Jelena Rowe

Personal information
- Nationality: American
- Born: 1 August 1999 (age 26)

Sport
- Sport: Track and Field
- Event: High Jump

Achievements and titles
- Personal bests: High jump: 1.96 m (Tucson, 2021)

Medal record
Women's athletics
Representing the United States
Pan American U20 Athletics Championships
| Silver medal – second place | 2017 Trujilo | High jump |

= Jelena Rowe =

American high jumper (born 1999)

Jelena Rowe (born August 1, 1999) is an American athlete who competes in the high jump.

==Biography==
From Bloom Township, Illinois, Rowe attended Bloom High School. She was 6 feet tall as a freshman, then 6'3" as a sophomore and 6'4" as a junior. Rowe played a number of sports such as Volleyball and basketball before settling on athletics and the high jump.

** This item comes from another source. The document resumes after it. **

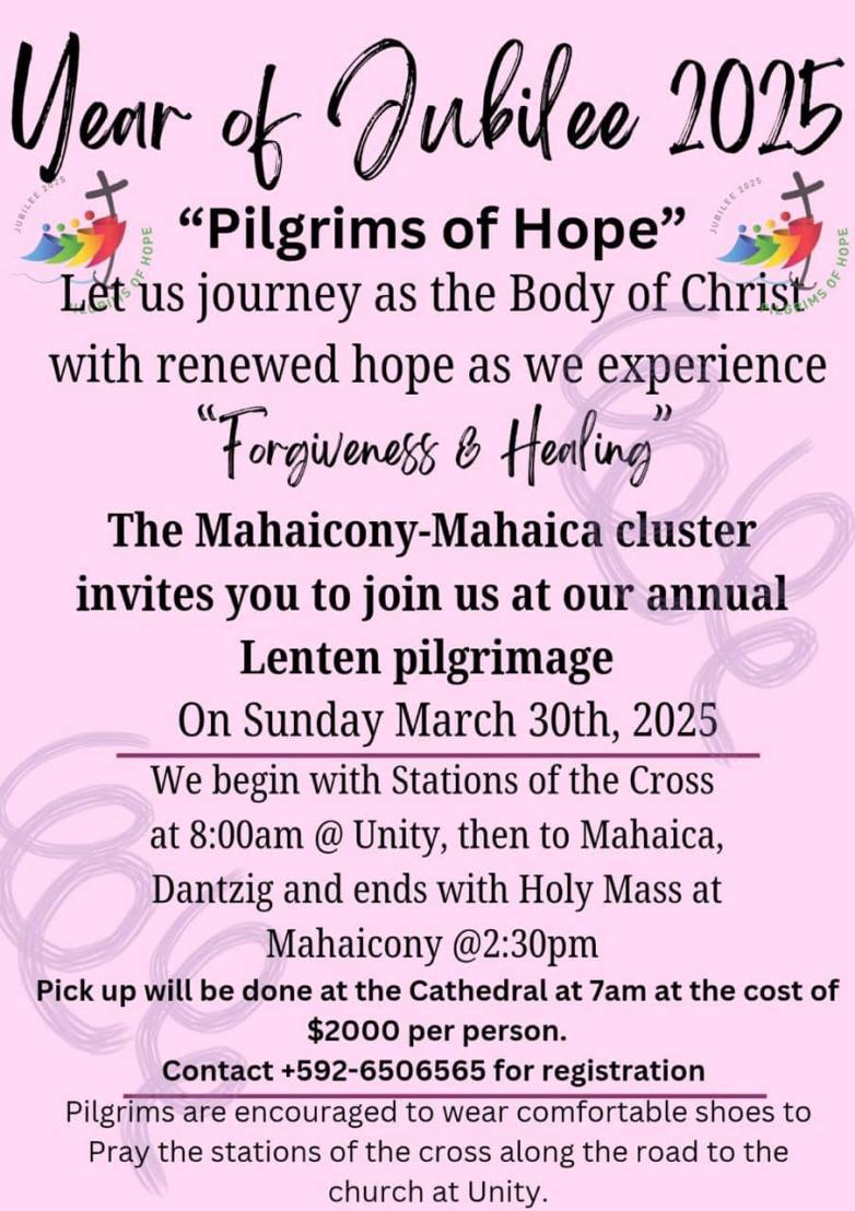 07:30hrs – Mass at Church of the Annunciation, Malgre Tout, West Coast Demerara. 12:45hrs – Departure of the Nuncio

Rowe cleared a height of 1.85 metres at the Illinois Top Times indoor state meet on March 26, 2017, in Bloomington, Illinois and matched that height outdoors on April 22, 2017, at the Sue Pariseau Invite at Glenbard West. In June 2017, she became USA Junior Champion in the high jump, making a clearance of 1.79m metres in Sacramento. She was a silver medalist behind María Fernanda Murillo at the 2017 Pan American U20 Athletics Championships in Trujillo, Peru, in July 2017.

In February 2021, Rowe cleared 1.91 indoors for a new personal best, finishing second to Vashti Cunningham at the American Track League event in Fayetteville, Arkansas. On May 22, 2021, Rowe cleared 1.96m at a meet in Tucson, Arizona. This height ranked her in the top-ten worldwide for the calendar year 2021.

Rowe jumped 1.91m to finish in third place at the USA Indoor Championships on 27 February 2022, in Spokane, Washington. Both Rowe and her training partner Vashti Cunningham however, opted against competing at the 2022 World Athletics Indoor Championships in Belgrade, Serbia due to restrictions around COVID "athlete bubbles".

In February 2025, she placed sixth at the USA Indoor Track and Field Championships in New York.